HTML5 “Chromium” is tested in a Chromium based browser.





1 Like

Massive really stood out here! Amazing work @Matse!

high-high-five

The other thing I noted with @Matse’s Massive framework, is it wasn’t hindered by the display list style batching of OpenFL and Starling. It uses a unified MassiveDisplay container where that traditional hierarchy isn’t present.

Really well done @Matse!

1 Like

Thanks a lot @Bink !

I wanted to do that kind of benchmark, those are very interesting results with regular Starling being a lot more performant than regular OpenFL (even with its current “flaws”, I mean it could run much faster)

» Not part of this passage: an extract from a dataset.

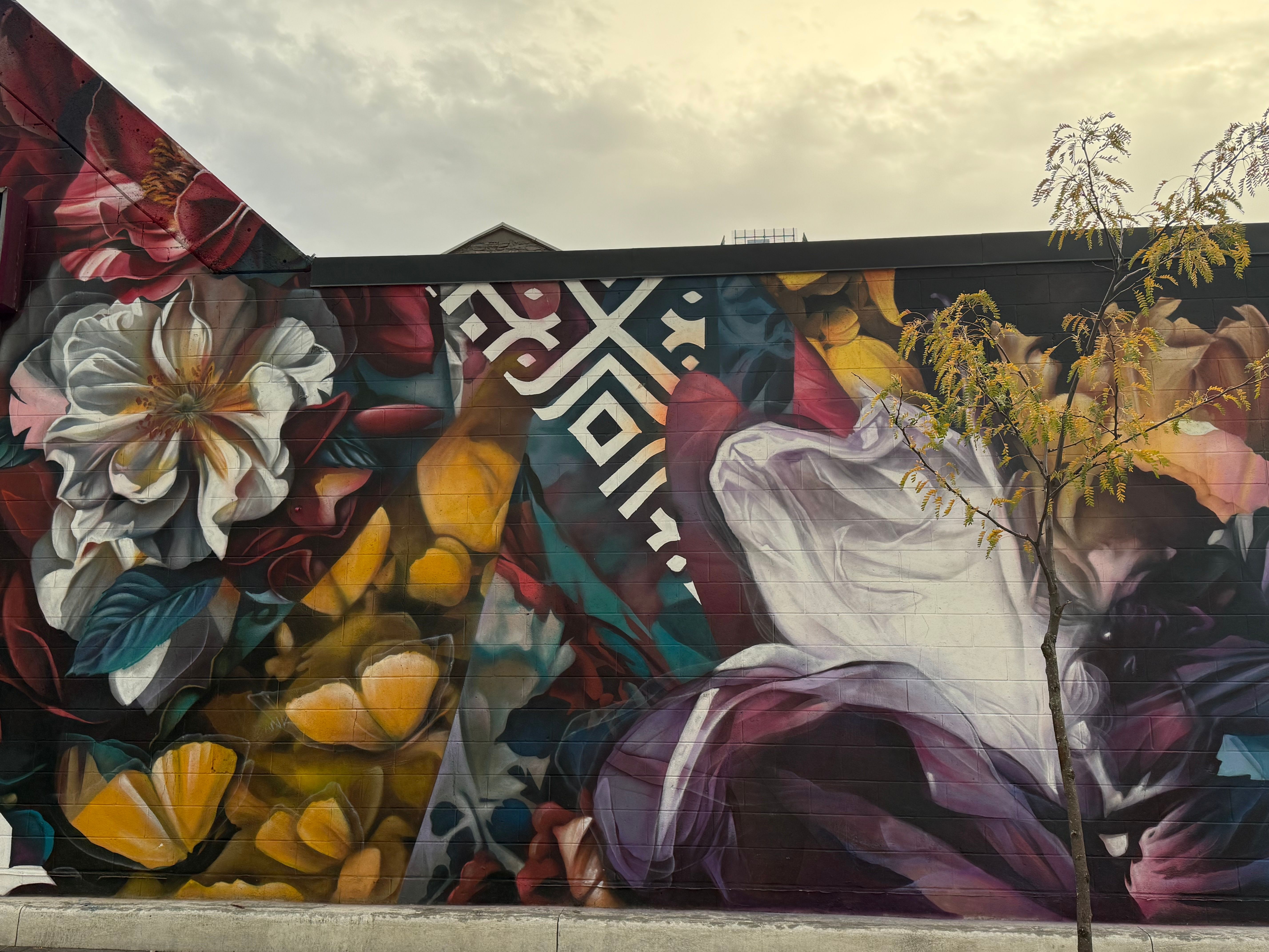 L'œuvre Still in Motion (Toujours en mouvement) explore visuellement la relation dynamique entre le changement continu et l'esprit communautaire inébranlable. La murale célèbre le renouveau du secteur tout en honorant son caractère permanent. Elle tire son énergie du rythme soutenu de la rue Rideau et de la scène artistique animée de la ville, capturant le pouls du centre-ville avec des clins d'œil aux pôles culturels comme le Centre national des Arts. La juxtaposition d'une danseuse fluide et de papillons délicats en mouvement sur des fleurs immobiles agit comme une contemplation puissante sur la durabilité et la croissance. L'œuvre est enrichie par une flore locale abstraite qui fait référence au Festival des tulipes et au marché By, ainsi que par des rubans qui guident l'œil du spectateur, symbolisant à la fois les liens sociaux unissant la communauté et le chemin sinueux du canal Rideau.

I would have been sad if Massive didn’t come on top :smiley: It’s totally expected though : Massive is “cheating” here. I have a new version coming very soon, with skewing, color offsetting, program caching and improved performance

1 Like

Here are the tests I used:

1 Like

nice, I will optimize the test cases for hxmaker and submit a PR later :cat_with_wry_smile:

2 Likes

I submitted a PR to test this example, but the performance may not be very good. But I am happy to test it in order to optimize hxmaker! Please help me test again when there is a chance, thank you!

Updating the latest hxmaker and hxmaker openfl should be able to skip some unnecessary dependency libraries.

If you have any further questions, please let me know.

It’s not surprising that using Sprite as a renderer wastes a lot of performance when processing vertex data. I’ve always wanted to skip it, but I haven’t come up with a good way to improve it yet.

I will find a way to solve it tomorrow! i go to sleep now.

2 Likes

Thanks for sharing this. I’m playing around with a branch that modifies Starling’s VertexData and IndexData to use typed arrays instead of ByteArray, and this should be very helpful for making comparisons.

2 Likes

@joshtynjala

Yes, “ByteArray” is very slow and should have been replaced a long time ago. “hxmaker” uses “Array texture array”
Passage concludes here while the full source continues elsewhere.